As pointed out by Mory, this can lead to a boring game: it reduces the amount of skill required by a tremendous amount. However, in Sly's case, this reduction does not harm the game. It helps the game, because the game's main skill focus is on timing. All of the jumping around and combat and so forth is made much simpler so that the game can focus on timing.

The game eagerly switches between kinds of timing, running the gamut from Solid-Snake-like sneaking to Sonic-the-Hedgehog-like sprinting and jumping. It even has its Guitar Hero moments. But this breadth of experience wouldn't be possible if the low-level skill challenges were really hard. It would require too much effort for the player to just DO things, let alone do them with proper timing.

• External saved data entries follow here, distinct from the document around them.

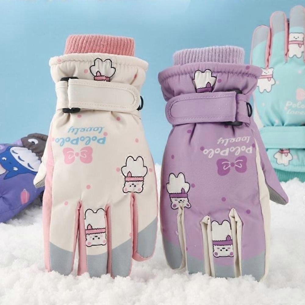 Children's Ski Gloves Girls Winter Warm Gloves Cartoon Fleece Lined Thick Water Repellent Five Finger Gloves Winter Gifts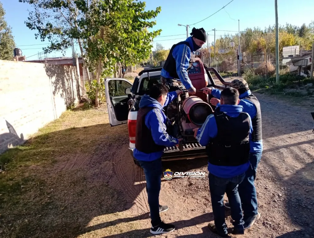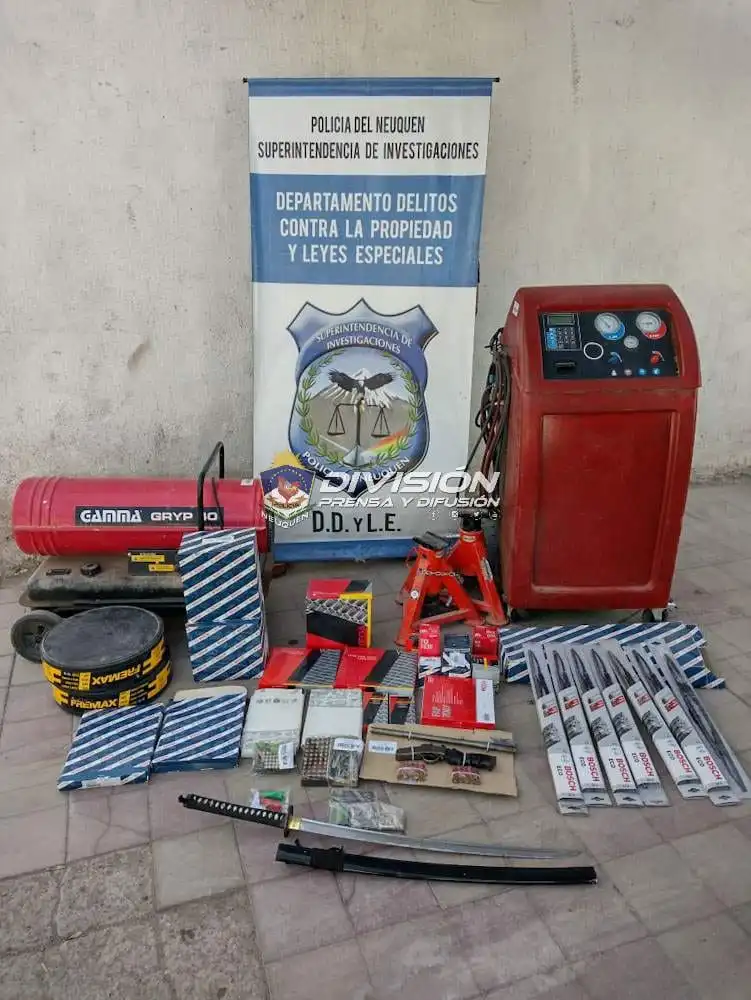 Como resultado de los allanamientos, los pesquisas secuestraron también maquinaria presuntamente robada, entre ellas una estación de aire acondicionado, un calefactor tipo cañón, dos pares de discos de freno, 8 filtros de aire, 4 filtros de combustible, 3 filtros de aceite y escobillas limpia parabrisas.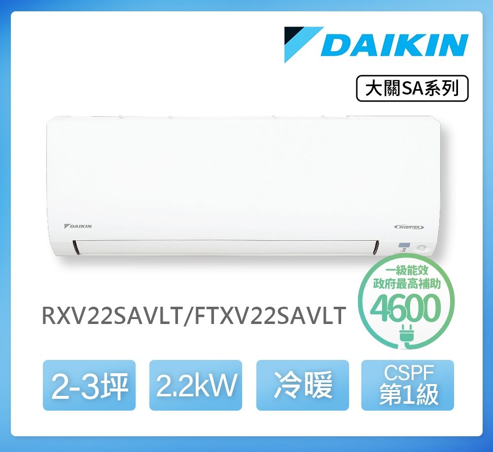 DAIKIN 大金 分離式冷暖冷氣/變頻空調/大關SA系列/RXV22SAVLT/FTXV22SAVLT(適用坪數:2~3)

There's no "right answer": a game with a very low-grain interaction can be fun: play Rock Band. A game with a very high-grain interaction can be fun: play Quake. And everything in the middle can be fun, too. But they are very different approaches, and their side effects need to be understood by the developers. That's why Sly 2 & 3 weren't so hot.

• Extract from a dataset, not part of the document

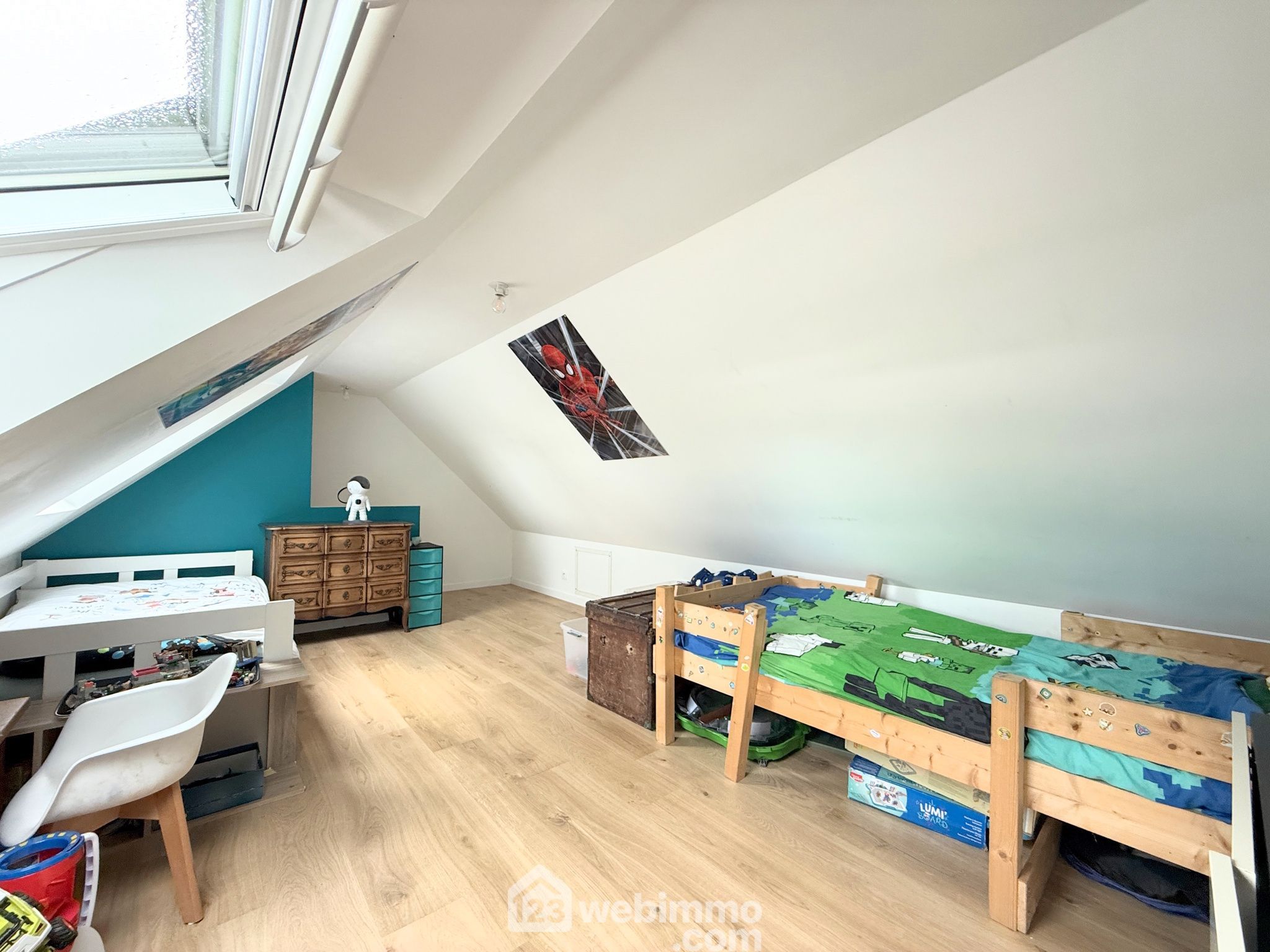 À l’étage, via deux escaliers distincts, vous accèderez à deux chambres mansardées de 12 et 19 m² au sol (7 et 8m² habitables).

As a side note, I've been giving examples of games where the space is complex and the controls are simple, but the opposite is also possible and, in fact, almost indistinguishable. Thinking about space and how the player moves through it as two separate elements is not a good idea: it's really one element. Game space-time, you could say.

For example, in Crackdown, movement is very high-grain. You have as much control over your movement as you do in Quake, and you have much better movement capabilities. However, it's not usually a high-skill situation: the world is carefully designed to fit your capabilities, so being a bit rough on the controls works out fine. It's the same result as Sly's "yes, I can land on that spire", but approached from the other side.

Whew.

Do you see what I mean? What games are you playing, and where do they fall on this scale?

2 comments:

Olick said...

Since I don't have power I'm not playing any games. However I play Rock Band, which is of course.. well it has no significant choices. You either get the note right or don't. But I still enjoy the game much, probably in no small part because I enjoy the music so much.

Other than that I've been playing.. Rpgs? Oh, and Super Mario Galaxy. Super Mario Galaxy is great. When it comes to granularity, it sorta operates in a medium. Attacks are forgiving, pointing in the general direction works for shells, spin attacks similarly work for longer than they seem to. Jumping is less forgiving, and while preciseness is not a requirement, it is a benefit. Its still sort of a middle requirement. Some things seem to happen automatically. Pull stars always get you close enough to the next planetoid, large enough jumps always happen to switch your gravity to the planetoid you were aiming at (if you aimed right). I think its an example of Crackdown style grainyness. Its not that jumping from X places lands you on another asteriod, its that the gravities and distances are precisely placed so that you can reach the target you need to.

I suppose shooting stars are examples of low-granularity, fire from a cannon, and maybe have another cannon in the middle of the path, or have some star bits to pick up.

Craig Perko said...

Yeah, that's about what I was thinking about Super Mario Galaxy.